Heidi Hagemeier / The Bulletin

For many women, getting a Pap smear is an annual health care ritual. Yet new recommendations say women with consistently normal test results don’t need a yearly screening for cervical cancer.

Last year, several medical organizations, including the U.S. Preventive Services Task Force and the American College of Obstetricians and Gynecologists, changed their guidelines on annual cervical cancer screenings. The updates cover when women should start getting Pap smears, how often they should have them and when to stop.

“Everybody agrees now,” said Dr. Janey Purvis, a Bend Memorial Clinic family practice physician who specializes in women’s health. “The evidence is pretty clear.”

Physicians emphasize, however, that women should still get an annual checkup.

“The annual well-woman exam is not only about Pap smears,” Purvis said. “It’s so important. It’s about breast cancer screening, it’s about cholesterol, it’s about diet and exercise, it’s about blood pressure, it’s about colonoscopy screening. It’s really your wellness exam for the year.”

Under the new guidelines, women need not start getting Pap smears until age 21. Between 21 and 29, the guidelines recommend screening every three years.

Then at age 30, if they have had consecutive, normal Pap smear results, there are two options. One is to continue getting Pap smears every three years until age 65.

The other is to administer a relatively new DNA test for the virus that causes cervical cancer, human papillomavirus, or HPV, on the Pap smear cell sample. If it comes back negative, then women need only be screened once every five years.

“The evidence is clear that if you’ve had all negative, consecutive Pap smears and a negative HPV test that you have very, very little risk of developing cancerous cells in the next five years,” Purvis said.

Then, at 65, women without abnormal Pap results in their past can stop screening.

Also, women who undergo a hysterectomy for benign reasons and who have always had normal screenings can forgo the test.

Research backs switch

Cervical cancer used to be one of the leading causes of death for women in the U.S., according to the Centers for Disease Control and Prevention. It’s caused by certain strains of HPV, a common sexually transmitted disease that also causes genital warts and other, rarer cancers.

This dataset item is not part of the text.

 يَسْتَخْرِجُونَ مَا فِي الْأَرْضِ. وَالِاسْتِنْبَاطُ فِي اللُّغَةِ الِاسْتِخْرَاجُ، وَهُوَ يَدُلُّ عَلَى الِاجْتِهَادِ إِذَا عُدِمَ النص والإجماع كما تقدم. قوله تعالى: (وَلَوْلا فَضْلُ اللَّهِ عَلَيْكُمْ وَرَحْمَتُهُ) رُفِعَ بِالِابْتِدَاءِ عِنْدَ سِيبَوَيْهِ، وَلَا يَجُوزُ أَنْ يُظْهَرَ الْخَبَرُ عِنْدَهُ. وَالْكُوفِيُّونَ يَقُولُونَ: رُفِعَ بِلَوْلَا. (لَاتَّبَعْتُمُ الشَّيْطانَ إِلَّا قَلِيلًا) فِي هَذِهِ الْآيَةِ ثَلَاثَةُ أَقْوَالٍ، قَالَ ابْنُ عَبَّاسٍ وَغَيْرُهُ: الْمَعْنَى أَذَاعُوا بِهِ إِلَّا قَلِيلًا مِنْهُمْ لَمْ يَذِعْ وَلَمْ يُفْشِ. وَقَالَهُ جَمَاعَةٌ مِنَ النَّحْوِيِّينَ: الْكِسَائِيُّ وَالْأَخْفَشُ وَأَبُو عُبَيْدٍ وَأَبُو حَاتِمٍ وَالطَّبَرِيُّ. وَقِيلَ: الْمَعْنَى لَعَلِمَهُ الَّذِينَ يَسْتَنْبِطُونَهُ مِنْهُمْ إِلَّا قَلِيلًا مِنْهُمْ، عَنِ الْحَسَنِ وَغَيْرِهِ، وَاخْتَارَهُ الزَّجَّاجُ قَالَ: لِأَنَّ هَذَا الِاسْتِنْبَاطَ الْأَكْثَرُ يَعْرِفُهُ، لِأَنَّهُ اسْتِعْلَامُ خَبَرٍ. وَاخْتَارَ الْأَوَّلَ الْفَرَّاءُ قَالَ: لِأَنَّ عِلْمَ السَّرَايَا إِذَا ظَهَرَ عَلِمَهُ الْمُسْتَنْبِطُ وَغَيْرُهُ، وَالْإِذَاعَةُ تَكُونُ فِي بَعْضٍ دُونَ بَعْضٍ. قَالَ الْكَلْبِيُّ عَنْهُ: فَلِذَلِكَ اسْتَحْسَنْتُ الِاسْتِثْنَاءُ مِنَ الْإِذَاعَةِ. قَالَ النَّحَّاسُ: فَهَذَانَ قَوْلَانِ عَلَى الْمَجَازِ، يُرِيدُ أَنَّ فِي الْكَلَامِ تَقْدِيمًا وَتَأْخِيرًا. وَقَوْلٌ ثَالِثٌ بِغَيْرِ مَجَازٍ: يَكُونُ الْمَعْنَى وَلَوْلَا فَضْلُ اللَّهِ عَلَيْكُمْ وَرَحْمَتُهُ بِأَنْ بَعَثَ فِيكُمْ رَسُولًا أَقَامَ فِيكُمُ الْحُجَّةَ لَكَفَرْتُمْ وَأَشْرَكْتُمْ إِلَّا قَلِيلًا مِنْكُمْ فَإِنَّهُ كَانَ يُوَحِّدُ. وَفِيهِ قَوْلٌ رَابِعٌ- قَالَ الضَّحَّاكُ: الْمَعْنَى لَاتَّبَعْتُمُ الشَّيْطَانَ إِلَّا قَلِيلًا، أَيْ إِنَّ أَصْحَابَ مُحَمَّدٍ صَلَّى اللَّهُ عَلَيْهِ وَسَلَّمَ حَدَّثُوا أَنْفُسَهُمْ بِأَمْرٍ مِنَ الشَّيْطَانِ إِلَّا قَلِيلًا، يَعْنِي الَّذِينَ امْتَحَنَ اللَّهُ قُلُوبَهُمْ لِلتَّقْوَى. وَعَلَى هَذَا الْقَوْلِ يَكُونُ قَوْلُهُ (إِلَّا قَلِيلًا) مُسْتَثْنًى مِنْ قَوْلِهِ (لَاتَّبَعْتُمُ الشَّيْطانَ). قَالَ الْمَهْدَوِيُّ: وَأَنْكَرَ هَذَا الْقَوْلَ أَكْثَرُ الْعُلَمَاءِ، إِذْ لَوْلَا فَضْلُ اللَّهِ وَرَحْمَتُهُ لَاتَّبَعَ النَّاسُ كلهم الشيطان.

But the incidence of cervical cancer has dropped significantly in the past 40 years, the CDC says, in large part due to Pap screening.

The Pap smear is a cytology test, meaning a tissue sample is taken and the cell structure is examined in a lab, said Dr. Ann-Bridget Bird, a gynecologist for St. Charles Ob/Gyn-Redmond.

One of the prime reasons for the changes is that research showed that the screenings were unnecessary in some age groups and increased the risk of overtreatment.

Bird said the immune systems of women younger than 21 usually manage on their own to clear HPV.

“What we were doing for so many years was doing lots of screenings and finding and treating minor abnormalities,” Purvis said. “And really they would have gone away on their own most of the time. So we may have been doing procedures that they didn’t need to have.”

The HPV test need not be administered before age 30 for the same reasons, Bird said.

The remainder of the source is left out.